Study cohort recruitment flowchart.

MAC, Mycobacterium avium complex.

Table 1.

Association of each variable with NTM pulmonary disease.

Total Positive diagnosis p value
Yes No
938 184 754
Age (years), mean ± SD 69.5 ± 13.1 71.4 ± 11 69 ± 13.5 0.0838
Sex, No. (%)
 Male 342 46 (4.9) 296 (31.6) 0.0003*
 Female 596 138 (14.7) 458 (48.8)
BMI (kg/m2), mean ± SD 20 ± 3.4 18.8 ± 2.9 20.4 ± 3.5 <0.0001*
Smoking, No. (%)
 Ever 266 34 (3.6) 232 (24.7) 0.0009*
 Never 672 150 (16) 522 (55.7)
Anti-MAC antibody, No. (%)
 Positive 286 141 (15) 145 (15.5) <0.0001*
 Negative 652 43 (4.6) 609 (64.9)
C-reactive protein (mg/dl), mean ± SD 1.5 ± 3.6 1.6 ± 3.4 1.4 ± 3.6 0.0186*
Receiving inhaled corticosteroids, No. (%)
 Yes 106 26 (2.8) 80 (8.5) 0.1763
 No 832 158 (16.8) 674 (71.9)
Receiving oral corticosteroidsa, No. (%)
 Yes 21 2 (0.2) 19 (2) 0.2388
 No 917 182 (19.4) 735 (78.4)
Diabetes mellitus, No. (%)
 Yes 97 17 (1.8) 80 (8.5) 0.584
 No 841 167 (17.8) 674 (71.9)
Malignancy, No. (%)
 Yes 196 22 (2.3) 174 (18.6) 0.0009*
 No 742 162 (17.3) 580 (61.8)
CKD, No. (%)
 Yes 216 38 (4.1) 178 (19) 0.3933
 No 722 146 (15.6) 576 (61.4)
Autoimmune disease, No. (%)
 Yes 83 8 (0.9) 75 (8) 0.0165*
 No 855 176 (18.7) 679 (72.4)
Cavity lesion, No. (%)
 Positive 61 28 (3) 33 (3.5) <0.0001*
 Negative 877 156 (16.6) 721 (76.9)

BMI, body mass index; CKD, chronic kidney disease; MAC, Mycobacterium avium complex; NTM, nontuberculous mycobacterial; SD, standard deviation.

a

More than 10 mg of prednisolone per day.

*

p < 0.05 was considered statistically significant.

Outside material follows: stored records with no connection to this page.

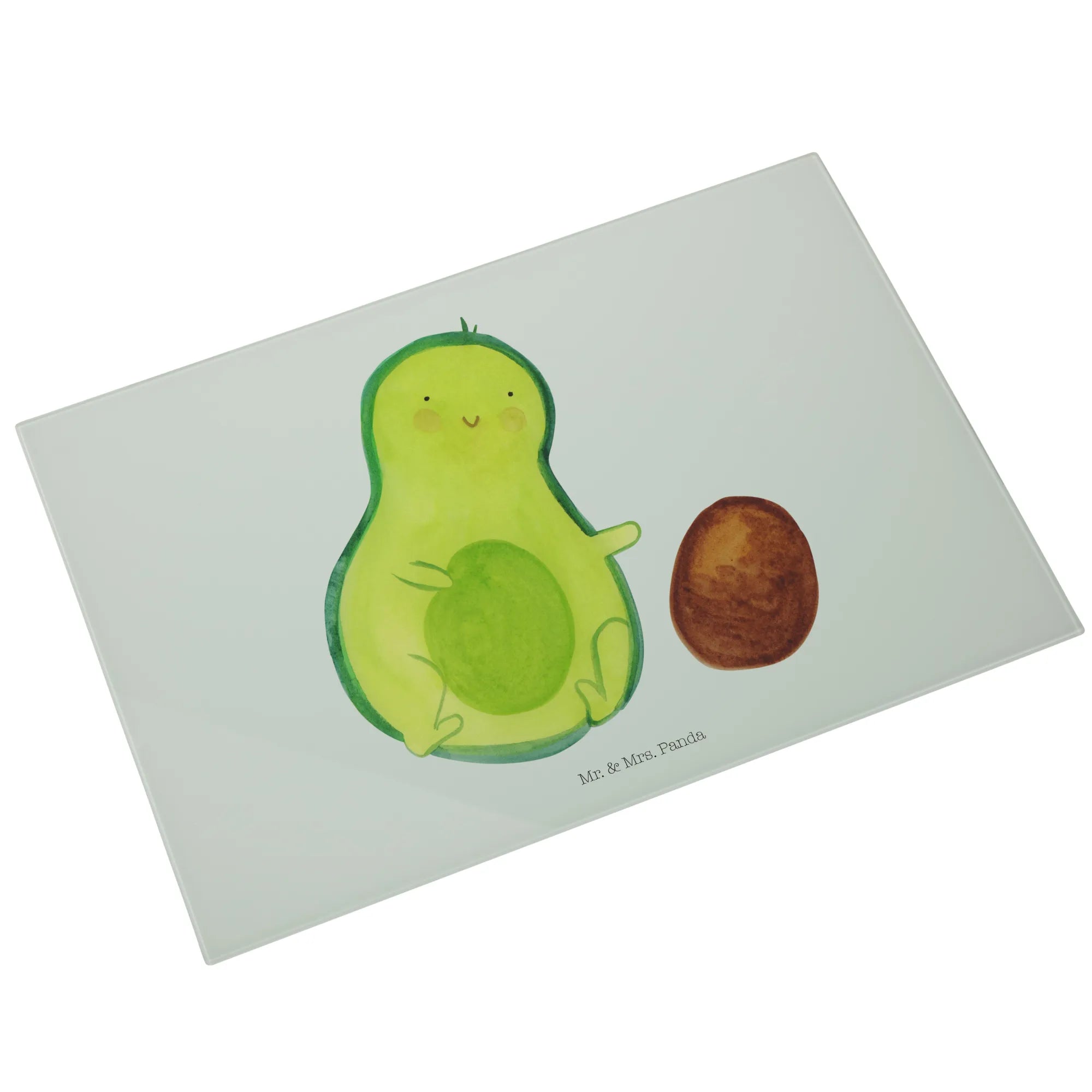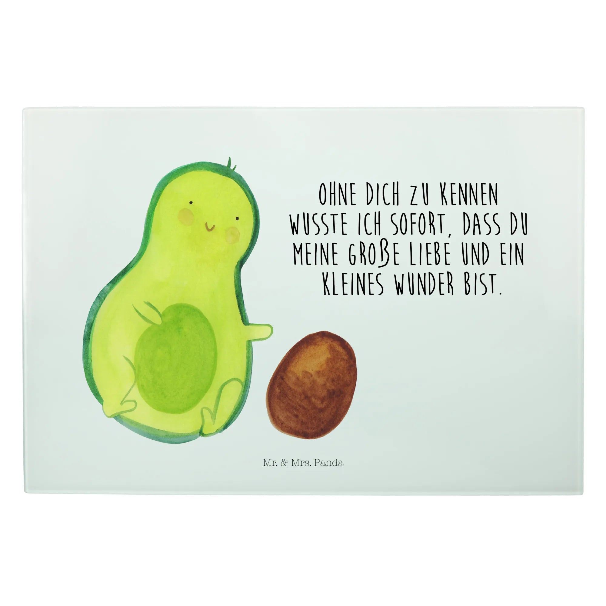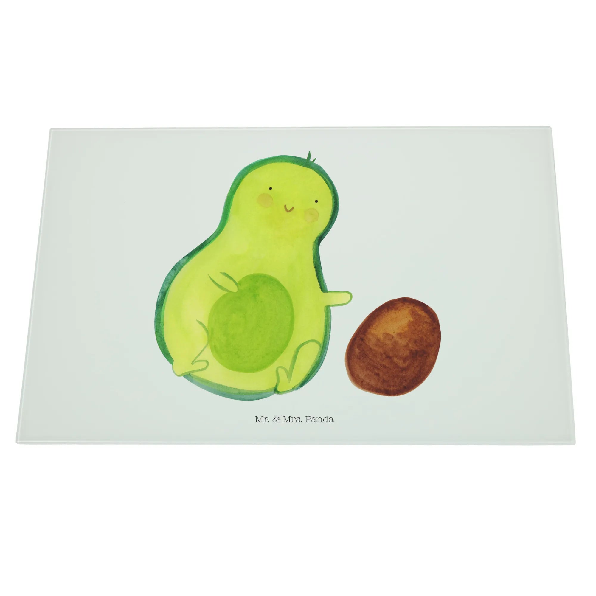 Średnia szklana deska do krojenia Awokado pestka toczy się - Medium Glas Schneidbrett - z napisem - biały
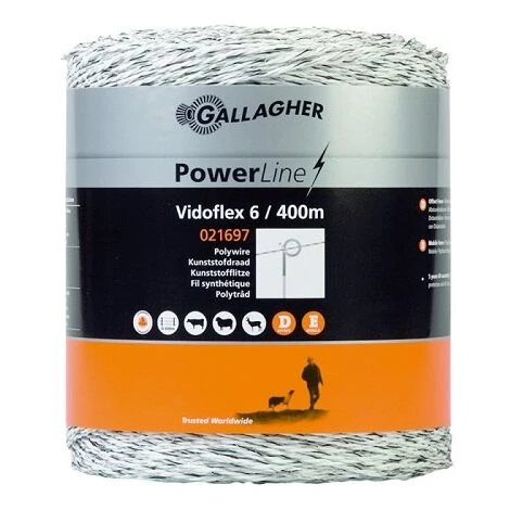 Rope Flowline avec 6 conducteurs en acier inoxydable _pais, ce qui vous donne une conductivit_ optimale. Pour cl»tures portables. Rouler avec 400 m de chrodon. 6 pilotes de fils de 0,20 mm.Ù Inox. 3,8 ohm / m de r_sistance. 80 kg de chargement de la rupture. 2,5 mm de diamtre. Composition: cordon de nylon avec 6 fils de conducteur en acier inoxydable. Pr_sentation: rouleau de 400 m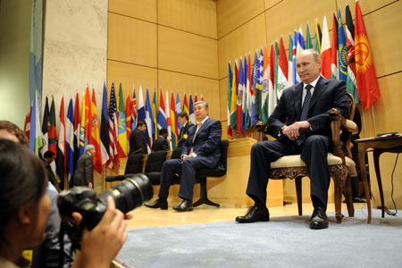 6月15日,在瑞士日內(nèi)瓦萬國宮,俄羅斯總理普京出席第100屆國際勞工大會并發(fā)言。他在講話中指出,當(dāng)前的俄羅斯經(jīng)濟已恢復(fù)至危機前2/3的水平,明年或能達(dá)到危機前水平。他還稱,目前是全球第六大經(jīng)濟體的俄羅斯制定了一個雄心勃勃的計劃,力爭10年內(nèi)躋身全球五大經(jīng)濟體行列。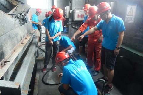 井上工作和井下工作的正常交接是保证矿企正常运行的保障。实践团队又分别走访记录了选矿车间,对选矿设备如球磨机、破碎机等有了更加直观的认识。矿车搬运工奔波于井上和井下给队员深刻印象。几个人一起把搬运车在铁轨上搬上搬下确实辛苦。他们微笑的对我们说:“你们是老员工很幸福,别看我们是干苦力的,其实我们也很热爱这份工作了。”从为讨生计到责任习惯,这些工人无疑是平凡而伟大的。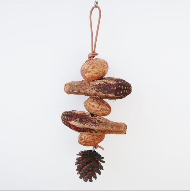 Juguete para loro, fruta, cuerda para morder, carambola, pino, piel de coco, flor de loto, pimienta, madera, molares, suministros al por mayor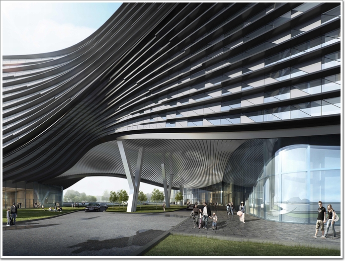 幕墻特點:由5座主樓,劇院以及中庭(詞條“中庭”由行業(yè)大百科提供)穹頂組成。包含單元式玻璃幕墻,鋁板幕墻以及鋁板/鋁材裝飾線,裝飾性鋁板及大面不銹鋼(詞條“不銹鋼”由行業(yè)大百科提供)等。
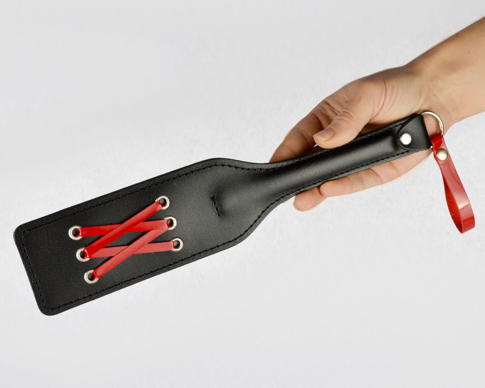 Шлепалка изготовлена из натуральной кожи, имеет жесткую рукоять и декорирована с одной стороны красной лаковой лентой. Длина ударной части - 13 см., ширина - 6 см.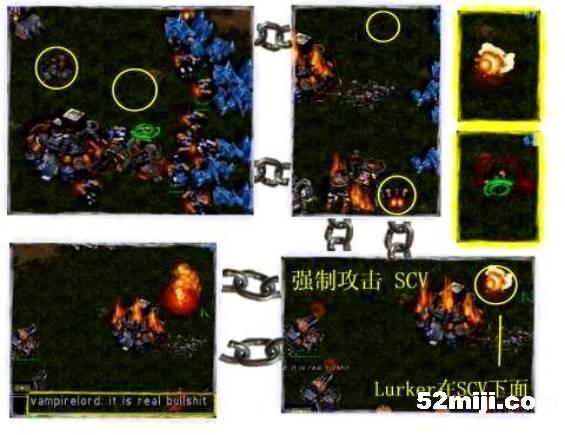 首先把农民全部拉走,等到1~2个tank 并升级好了围城模式之后把它们架在lurker打不到的地方。派一个满血的scv move到lurker攻击地点的发源地(也就是lurker埋的地方)选中你的tank, 按A, 在scv到达lurker所埋的大概位置的一刹那(越准越好)用tank强制攻击你的scv, 你发现你已经送了一只lurker上了西天,而那个scv挨了两炮居然还没死!(又一个Bug)同样的办法,派另一个scv过去然后强制攻击它,这样基地里的为难就解除了。我在给吸血鬼王用这招的时候他不禁发出了Bull shit的感叹!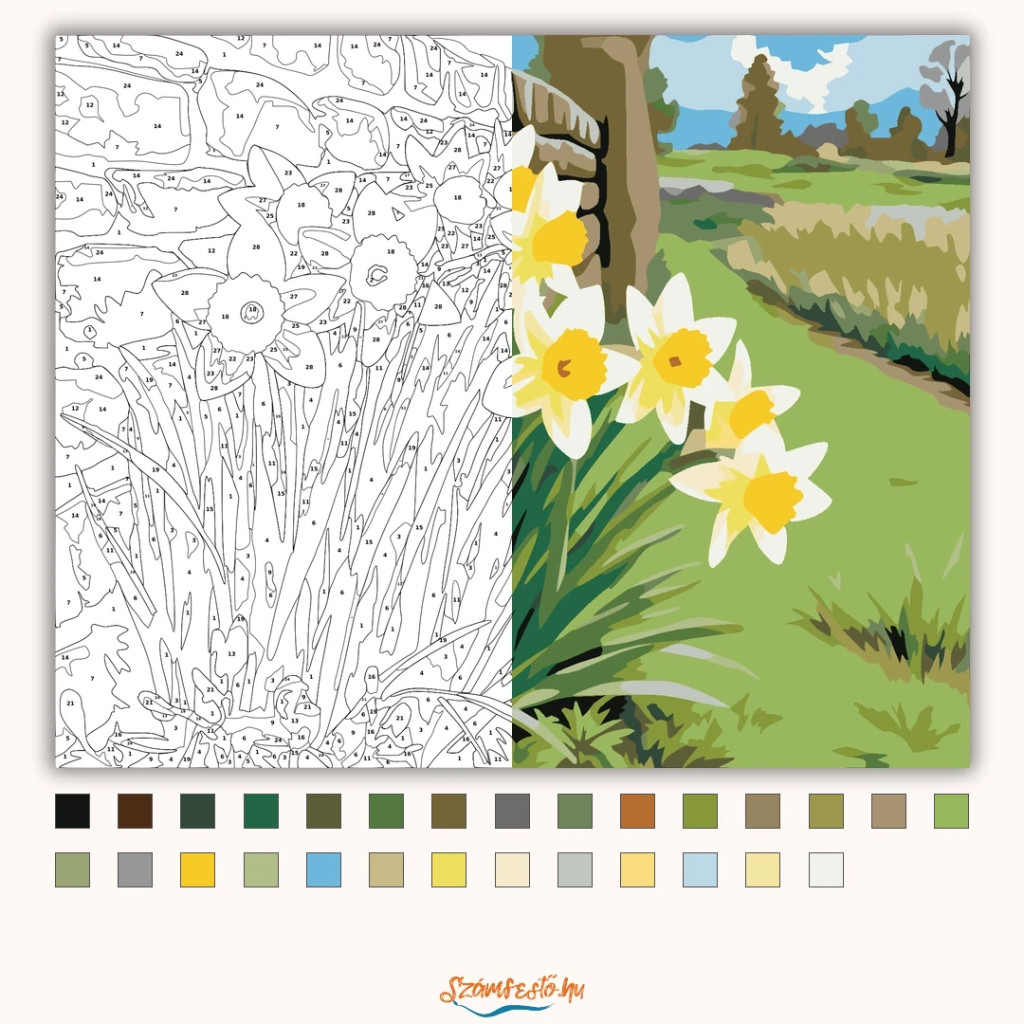 A képen tavaszi nárciszok nyílnak egy kőfal tövében, sűrű zöld levelek között. A virágok fehér szirmai és napsárga közepe friss, üde hangulatot ad. A háttérben egy zöld mező és távoli fák teszik teljessé a nyugodt vidéki látványt. Ez a számfestő készlet tökéletes választás, ha egyedi dekorációval tennéd szebbé otthonodat, vagy ha különleges ajándékot keresel. A csomagban minden megtalálható, amire a festéshez szükséged van.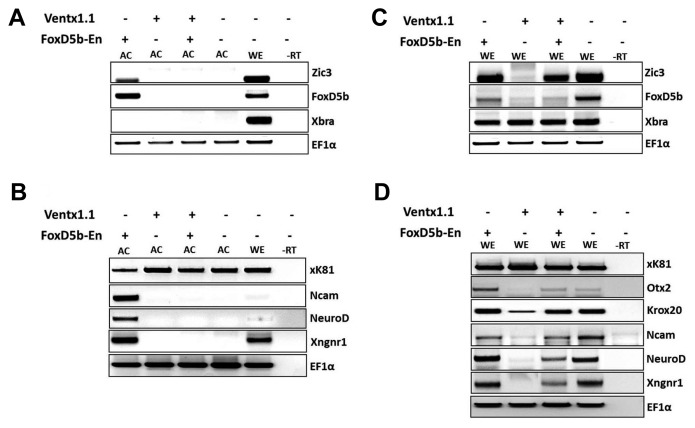 Fig. 1. Ventx1.1 represses early and late neural genes in Xenopus whole embryo and animal cap explantsVentx1.1 (500 pg/embryo) mRNA was co-injected with and without FoxD5b-En mRNA (280 pg/embryos) at the one-cell stage, followed by dissection of the animal cap explants (AC) at stage 8 and harvesting at stage 11 and 24 respectively. The relative gene expressions were analyzed by RT-PCR: (A and C) Ventx1.1 reduced the FoxD5b-induced expression of zic3 and foxD5b in both animal cap explants (A) and whole embryos (WE) (B) at stage 11. (B and D) Ventx1.1 reduced the FoxD5b-En-induced expression of ncam, Xngnr (pan-neural markers) and NeuroD (neuronal differentiation marker) while induced the expression of xK81 (keratin marker) at stage 24. EF1α loading control, non-injected animal caps (negative control), whole embryo (WE) (positive control), control reaction without reverse transcriptase (−RT).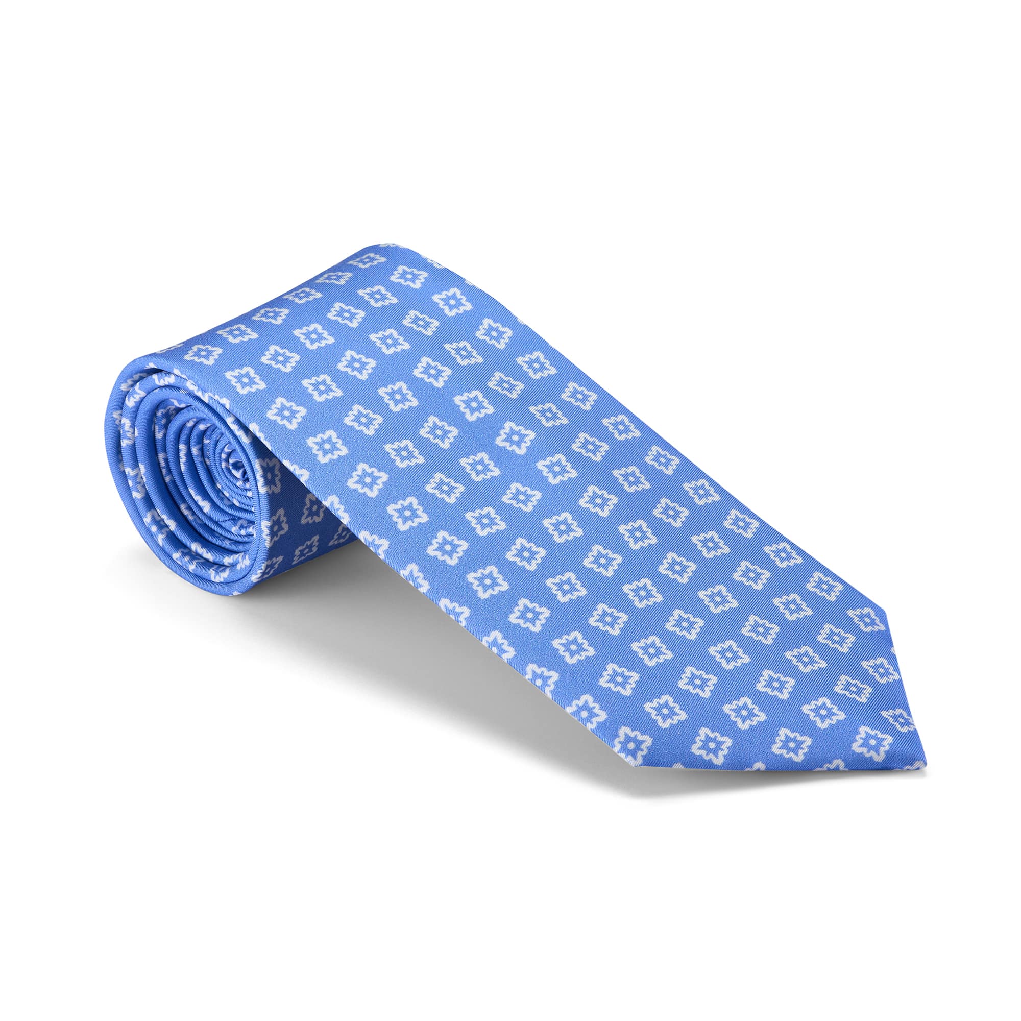 Light blue printed silk tie with white squares.

As shown in Figure 1, NTM-PD was identified in 19.6% (184/938) patients. Of these, 76.6% (141/184) were positive for anti-MAC antibodies. Conversely, 19.2% (145/754) had positive anti-MAC antibodies in the cohort that was not definitively diagnosed. Figure 2 shows the values of anti-MAC antibodies in a positive case of the test. The values of anti-MAC antibodies in patients with NTM-PD were independently higher than those in the undefined diagnosis group, which comprised all the patients who did not reach a definitive diagnosis of NTM-PD because of a lack of sputum production or low levels of bacterial content in the sample (p < 0.0001), whereas the ranges were overlapping. Of the 141 well-defined patients confirmed with positive anti-MAC antibodies, 63.1% (89/141) were smear-positive and 36.9% (52/141) were negative. As shown in Figure 3, there was a significant difference in the values of anti-MAC antibodies between the two groups (p < 0.0318). An ROC analysis was performed for the anti-MAC antibodies to distinguish patients with NTM-PD from undefined individuals. Figure 4 showed a cutoff of 0.31 U/ml identified NTM-PD with 85.3% sensitivity, 76.5% specificity, and 0.844 of area under the curve.

Figure 2.

Figure 2.

Anti-MAC antibody levels in positive cases of the test. The Mann–Whitney rank-sum test showed significant differences in anti-MAC antibody levels between the definitive diagnosis group (N = 141) and the undefined diagnosis group (N = 145). Values are presented as the mean value (standard deviation).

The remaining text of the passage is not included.